Given data

--------------------------------------------------

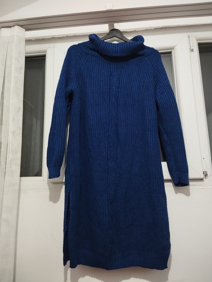 Lacivert renkte, uzun boy ve boğazlı yakalı örme triko kazak. Bol kesimi ve uzun kollarıyla rahat ve şık bir günlük kullanım seçeneği.
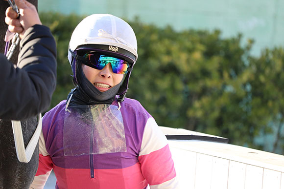 そんな中、カッコイイ形のゴーグルだ!と目を引いたのは宮下瞳騎手(名古屋)のこちら。
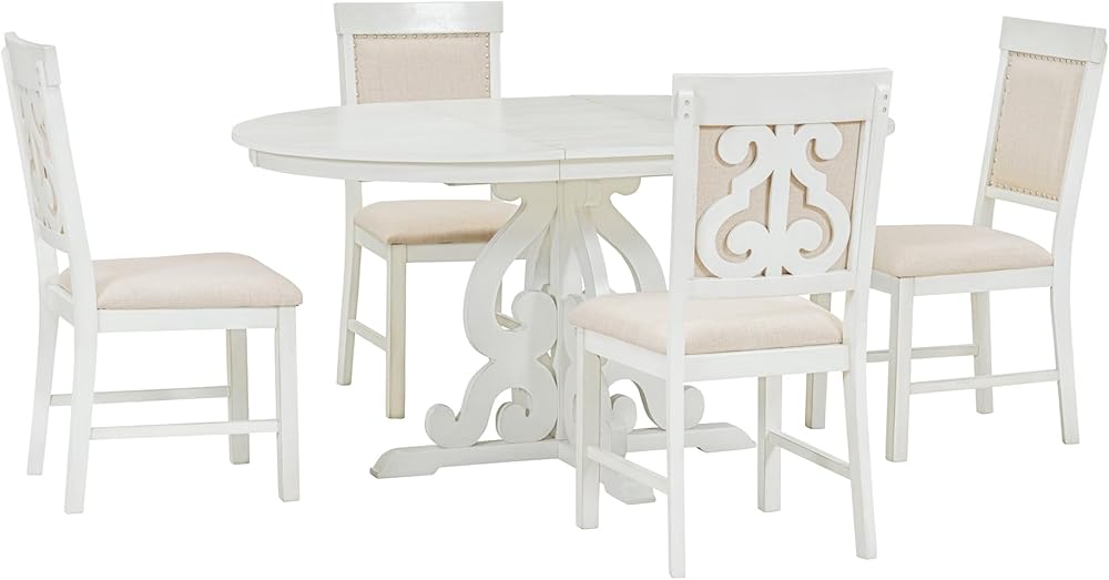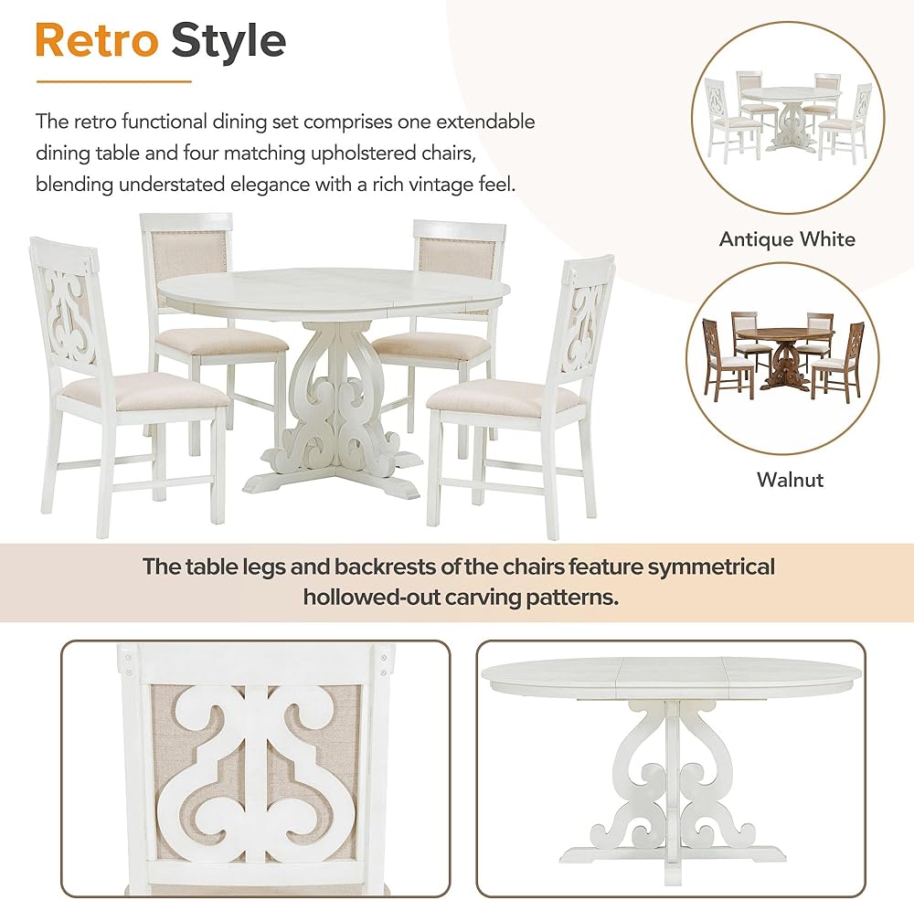 Retro Style Dining Set for 4 - The retro functional dining set comprises one extendable dining table and four matching upholstered chairs, blending understated elegance with a rich vintage feel. The table legs and backrests of the chairs feature symmetrical hollowed-out carving patterns. It's available in two colors, antique white and walnut. No matter which color dining set you choose, it will be the crowning touch of your restaurant, kitchen or dining room.

--------------------------------------------------

Task to carry out
The whole listing above, word for word: repeat it with the pictures excluded.

Exercise result
 Lacivert renkte, uzun boy ve boğazlı yakalı örme triko kazak. Bol kesimi ve uzun kollarıyla rahat ve şık bir günlük kullanım seçeneği.
 そんな中、カッコイイ形のゴーグルだ!と目を引いたのは宮下瞳騎手(名古屋)のこちら。
 Retro Style Dining Set for 4 - The retro functional dining set comprises one extendable dining table and four matching upholstered chairs, blending understated elegance with a rich vintage feel. The table legs and backrests of the chairs feature symmetrical hollowed-out carving patterns. It's available in two colors, antique white and walnut. No matter which color dining set you choose, it will be the crowning touch of your restaurant, kitchen or dining room.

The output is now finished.